Le second chausson a touché le plancher, la chaise est reposée à sa place à côté de l’armoire. Sa main tremble un peu quand elle s’approche du lit pour s’y asseoir. Ça lui fait ça chaque fois qu’elle va ouvrir sa boîte de petits Lu qui n’en a plus l’odeur mais dont elle se rappelle la saveur un peu salée et la texture si douce quand ils fondaient sur la langue après les avoir trempés dans le café. Elle ne fait plus de café. Trop dangereux tous ces appareils électriques. Sa fille lui a tout enlevé : la cafetière, le grille-pain, le séchoir, finies les excentricités, de toute façon tu veux plaire à qui ? Sa mémoire commence à lui faire défaut. Elle a oublié des noms, des lieux, des anecdotes qu’elle aimait raconter. Tout s’enfuit, s’échappe, et aucun filet à souvenirs n’a encore été inventé. Les visages, l’enfance, les fêtes de famille. Le phosphore que le médecin lui donne elle n’en veut pas, il y a des choses contre lesquelles on ne peut pas aller, c’est comme ça. Ce qu’elle garde bien gravé en elle ce sont les malheurs, tenaces ceux-là. Les maladies, les sombres histoires, les morts de plus en plus nombreux, en témoignent les coupures de la rubrique nécrologique qu’elle accumule dans le tiroir de sa cuisine, par-dessus son livre de recettes dont elle ne se sert plus. Tiens, elle l’a gardé celui-là… Elle ne cuisine plus, ses repas arrivent chaque jour. Elle aime bien la visite de Fabien le matin à 11h30. Il n’est pas bavard mais il prend le temps de prendre des nouvelles, elle parle pour deux. Ce midi c’était poulet basquaise, pas mauvais… Les douleurs lui restent. Son mari, Jean, parmi les morts lui aussi. Alors elle a gardé. Prévoyante la Sarah. La trouille d’oublier sans doute. C’est là-haut, derrière les chapeaux. Du souvenir en conserve, du longue conservation, à consommer sans modération. L’ivresse viendra peut-être cet après-midi à force de trop boire à la taverne du passé. Se plonger dans la jeunesse, dans ce qui a été si bon jusqu’à se sentir légère, un peu grise. Qui ça gênera l’ivresse d’une femme de quatre-vingt-huit ans ?

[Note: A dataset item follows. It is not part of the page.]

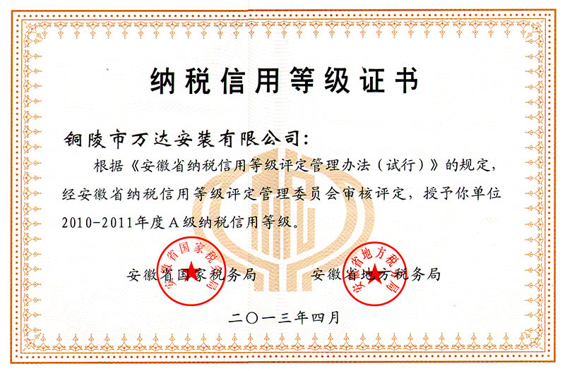 纳税信用等级证书

Le couvercle est à présent posé sur le couvre-lit matelassé. Ses doigts s’immergent dans le papier à lettres trop fin qui se déchire aux pliures, le relief encore perceptible de la mine du stylo qui s’enfonce sous les mots d’amour maladroits, le granuleux des photos, la douceur indemne d’une mèche de cheveux sauvée après une tonte réglementaire avant le dernier départ, le piquant presque jouissif d’une broche de pacotille qu’il lui avait offerte à la naissance de Michèle et qu’elle avait portée jusqu’à ce que le fermoir cède. Un bain de mémoire, même si certaines choses sont déformées, même si elle sait que tout finit par disparaître et que les lettres n’ont plus le sens qu’elles avaient hier, même si elle sait qu’elle a posé son dernier regard sur tout ce fatras il y a quelques semaines, quand elle y voyait encore. Aujourd’hui ses mains sont ses yeux, mais par pitié, que sa fille ne l’apprenne pas.